65.15 Comparing Open Gastrostomy Tube to PEG Tube in Lung Transplant Patients

S. Taghavi1, V. Ambur1, S. Jayarajan1, J. Gaughan1, Y. Toyoda1, E. Dauer1, L. Sjoholm1, A. Pathak1, T. Santora1, J. Rappold1, A. Goldberg1  1Temple University School Of Medicine,Department Of Surgery,Philadelpha, PA, USA

Introduction:   Lung transplant patients require a high degree of immunosuppression, which impairs wound healing when surgical procedures are required.  Open gastrostomy tube (OGT) allows for suturing of the stomach to the anterior abdominal wall, which may decrease the risk of intraperitoneal leak as compared to percutaneous gastrostomy tube (PEG). We hypothesized that because of impaired healing, lung transplant patients requiring gastrostomy tubes would have better outcomes with OGT as compared to PEG.

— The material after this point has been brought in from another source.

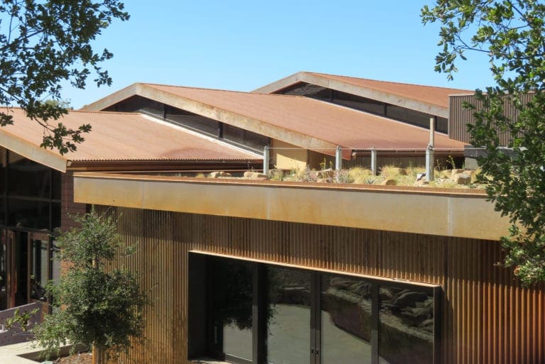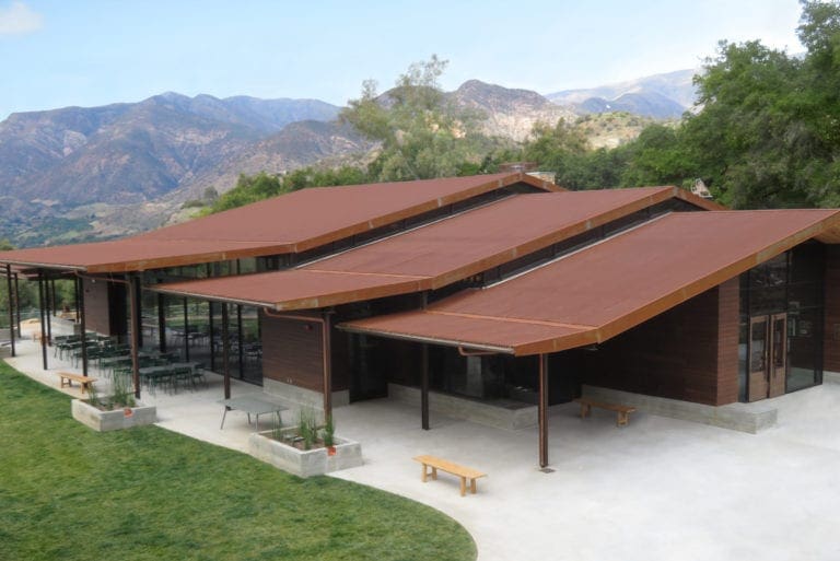 The Thacher School features Taylor Metal’s Classic 7/8″ Corrugated™ panel on the roof and accent walls; the width is 32″, the gauge is 22 with a Rusteel Plus™ finish. Rusteel Plus™ is an ideal design option for a classic, historic, and weathered look.

Methods:   The National Inpatient Sample (NIS) Database (2005-2010) was queried for all lung transplant patients requiring open gastrostomy or PEG tube.   Weighted frequencies and weighted multivariate logistic regression analysis using clinically relevant variables was used to examine mortality.

Results:  There were 215 lung transplant patients requiring gastrostomy tube, with 44 OGT and 171 PEG.  The two groups were not different with respect to age (52.0 vs. 56.9 years, p=0.40), Charlson Comorbidity Index (3.3 vs. 3.5, p=0.75) and private payer status (38.6 vs. 32.7%, p=0.05).  The PEG cohort was more likely to be male (65.9 vs. 45.0%, p=0.01) or white (93.2 vs. 88.3%, p<0.001) and less likely to be Hispanic (0.0 vs. 5.3%, p<0.001).  Incidence of acute renal failure was higher in the PEG group (34.1 vs. 11.7%, p=0.003).   Post-operative pneumonia, myocardial infarction, surgical site infection, DVT/PE, and urinary tract infection was not different when comparing the two groups.  Length of stay (33.0 vs. 27.1 days, p=0.63) and total hospital charges ($203,023 vs. 294.679, p=0.45) were similar.  Post-operative mortality was higher in the PEG group (11.4 vs. 0.0%, p=0.02).  On multivariate analysis, PEG tube was independently associated with mortality (HR: 1.94, 95%CI: 1.45-2.58, p<0.001).  Increasing Charlson Comorbidity Index was associated with mortality.  Variables associated with survival included female gender, age, hospital bed size, and white race (see table).

Conclusion:  In lung transplant patients, OGT results in better outcomes as compared to PEG.  Open gastrostomy should be the preferred method of gastric access in lung transplant patients.